Purpose: β-catenin signaling is an essential pathway that regulates numerous cellular processes. In this study, we investigated the role of β-catenin signaling in RPE cells in the development of proliferative vitreoretinopathy (PVR) using a swine model.

Methods: Western blot analysis and immunostaining were used to detect total β-catenin and active β-catenin (ABC) expression on RPE sheets. The role of β-catenin in RPE during epithelial-mesenchymal transition (EMT), cell migration, cell proliferation and cell contraction were assessed by marker protein staining using a scratch assay and type 1 collagen contraction assay. The effect of FH535, a β-catenin/TCF signaling inhibitor, on these features of cell de-differentiation was also investigated. The swine model of experimental PVR, in which RPE cells were injected into vitrectomized eyes, was used to assess the efficacy of FH535 in preventing a traction retinal detachment (TRD).

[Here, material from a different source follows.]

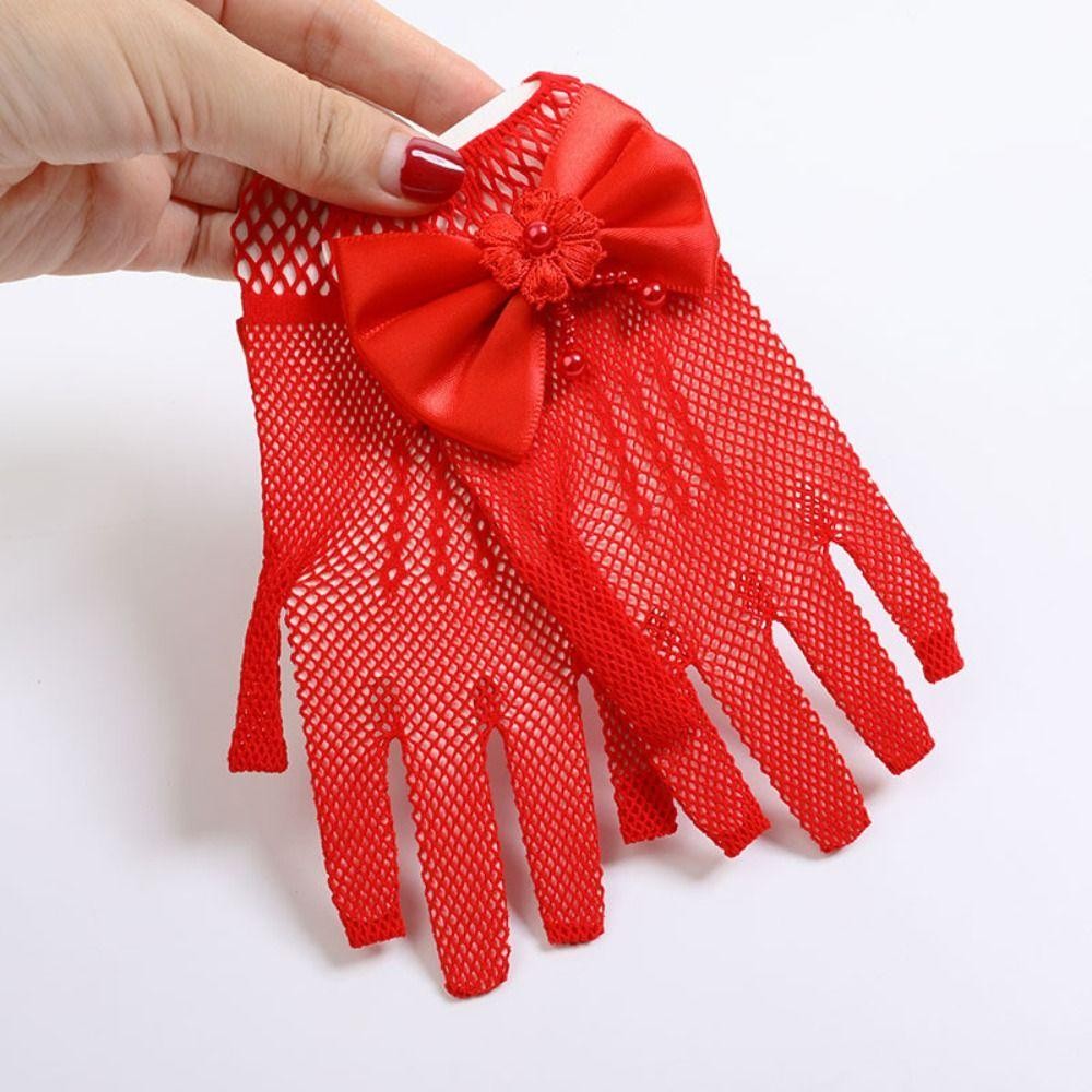 ถุงมือแต่งงานเด็ก ชิวจู, ถุงมือตาข่ายลูกไม้สั้นโบว์โบว์, ถุงมือชุดมารยาทบางสร้างสรรค์ถุงมือปาร์ตี้วันเกิดเจ้าหญิงวันหยุด

Results: Staining for ABC was detected in the nucleus of de-differentiated RPE cells but not in the nucleus of differentiated cells. Nuclear ABC expression in de-differentiated RPE cells was accompanied by reduced total β-catenin expression, suggesting that signaling and the subsequent degradation of β-catenin is occurring during or after EMT. FH535 prevented RPE cell EMT, migration, proliferation, and ECM contraction in a dose-dependent manner. Furthermore, FH535 significantly prevented TRD in vivo in the experimental swine PVR model. While TRD was observed in 7 out of 8 animals under control conditions, no animals treated with FH535 developed TRD (0/9).

Conclusions: β-catenin signaling is involved in EMT, migration, proliferation, and contraction of RPE cells and could be acting as one of the key regulators of PVR progression. The β-catenin/TCF signaling inhibitor FH535 significantly inhibited PVR-related RPE changes in vitro and prevented TRD in an experimental PVR model in the swine in vivo.